EXERCISE: Your answer must be the exact lines of the listing below that run from the line with "1名掛けのカウンター席は全7" to the line with "Error-based metrics (MAE, RMSE)", ends included, and no pictures.

LISTED RECORDS:
BEGIN

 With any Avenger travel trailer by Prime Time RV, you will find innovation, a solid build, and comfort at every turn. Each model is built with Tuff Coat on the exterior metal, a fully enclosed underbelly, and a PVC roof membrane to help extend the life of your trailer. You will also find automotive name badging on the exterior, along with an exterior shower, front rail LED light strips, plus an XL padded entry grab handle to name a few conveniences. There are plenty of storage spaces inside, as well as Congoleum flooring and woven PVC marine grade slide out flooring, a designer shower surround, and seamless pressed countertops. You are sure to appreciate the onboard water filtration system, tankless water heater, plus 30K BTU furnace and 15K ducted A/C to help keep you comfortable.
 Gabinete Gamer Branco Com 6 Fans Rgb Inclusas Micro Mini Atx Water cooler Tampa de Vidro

END
BEGIN

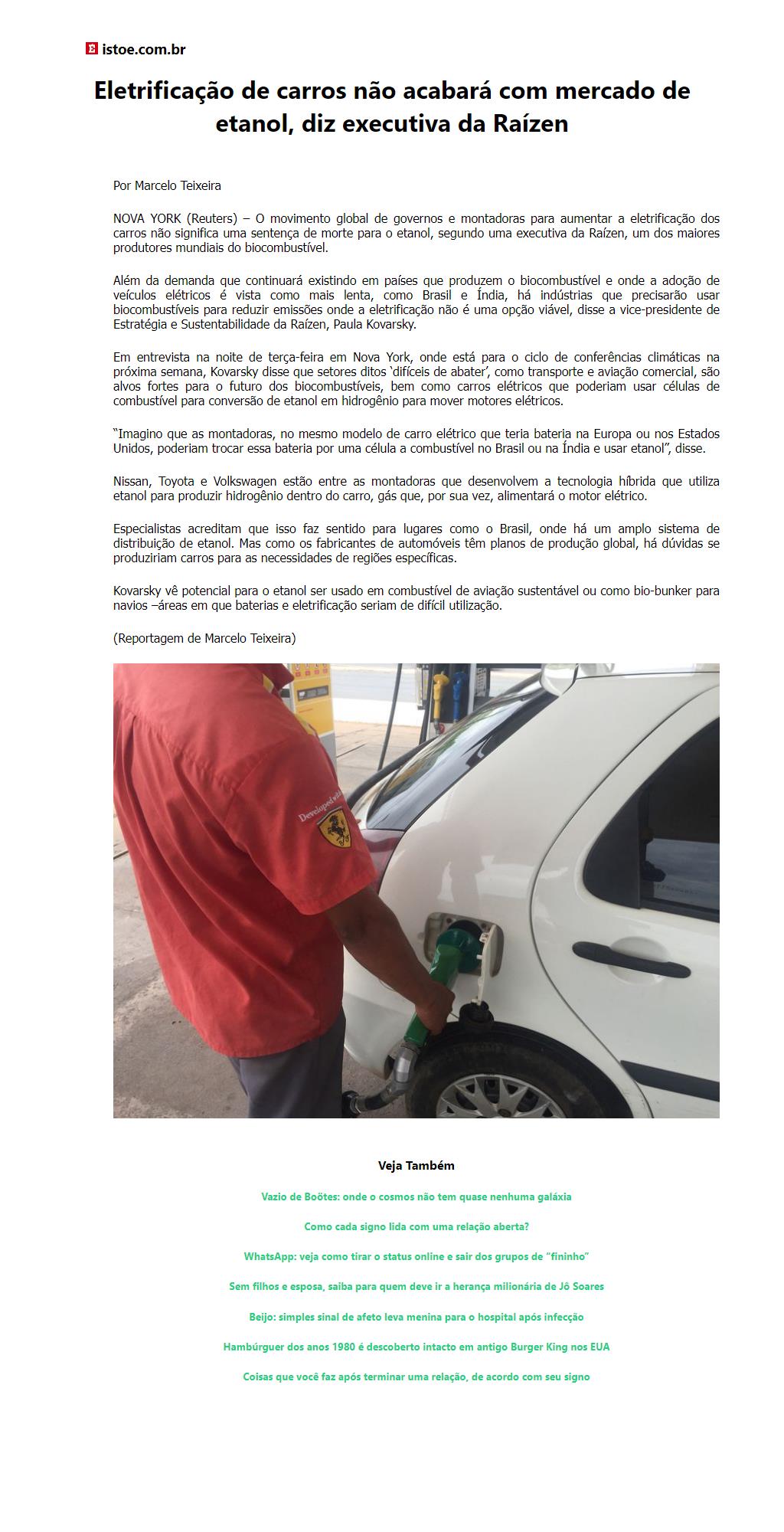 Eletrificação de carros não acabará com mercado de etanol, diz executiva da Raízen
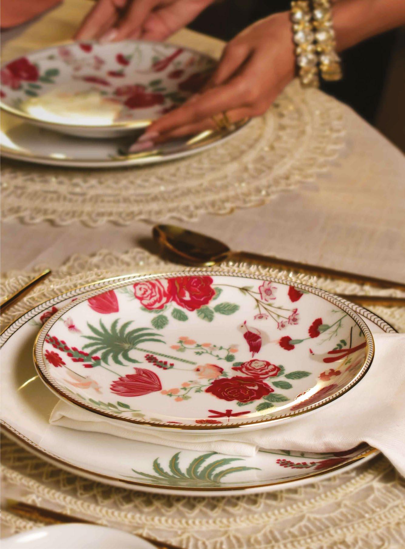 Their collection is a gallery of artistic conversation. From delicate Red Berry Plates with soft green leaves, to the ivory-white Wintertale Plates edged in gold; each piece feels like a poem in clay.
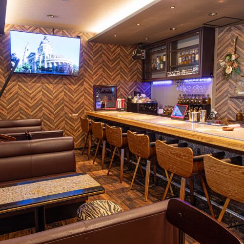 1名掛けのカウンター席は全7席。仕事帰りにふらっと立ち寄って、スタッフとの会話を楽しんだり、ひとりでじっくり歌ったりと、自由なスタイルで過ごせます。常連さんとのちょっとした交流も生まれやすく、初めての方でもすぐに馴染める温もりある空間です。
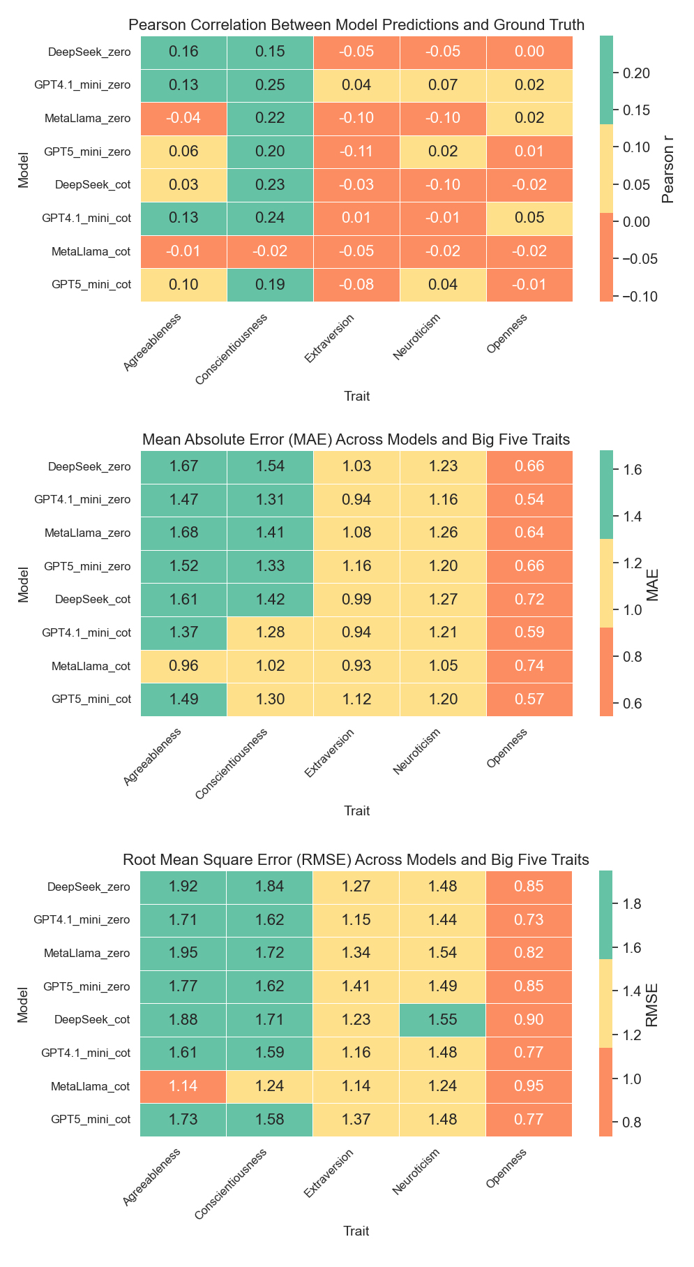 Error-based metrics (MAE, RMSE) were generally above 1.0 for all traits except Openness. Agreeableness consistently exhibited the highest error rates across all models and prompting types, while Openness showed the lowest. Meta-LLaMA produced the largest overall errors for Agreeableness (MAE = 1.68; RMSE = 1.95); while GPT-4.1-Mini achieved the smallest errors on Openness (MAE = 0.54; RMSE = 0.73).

END

RESPONSE:
 1名掛けのカウンター席は全7席。仕事帰りにふらっと立ち寄って、スタッフとの会話を楽しんだり、ひとりでじっくり歌ったりと、自由なスタイルで過ごせます。常連さんとのちょっとした交流も生まれやすく、初めての方でもすぐに馴染める温もりある空間です。
 Error-based metrics (MAE, RMSE) were generally above 1.0 for all traits except Openness. Agreeableness consistently exhibited the highest error rates across all models and prompting types, while Openness showed the lowest. Meta-LLaMA produced the largest overall errors for Agreeableness (MAE = 1.68; RMSE = 1.95); while GPT-4.1-Mini achieved the smallest errors on Openness (MAE = 0.54; RMSE = 0.73).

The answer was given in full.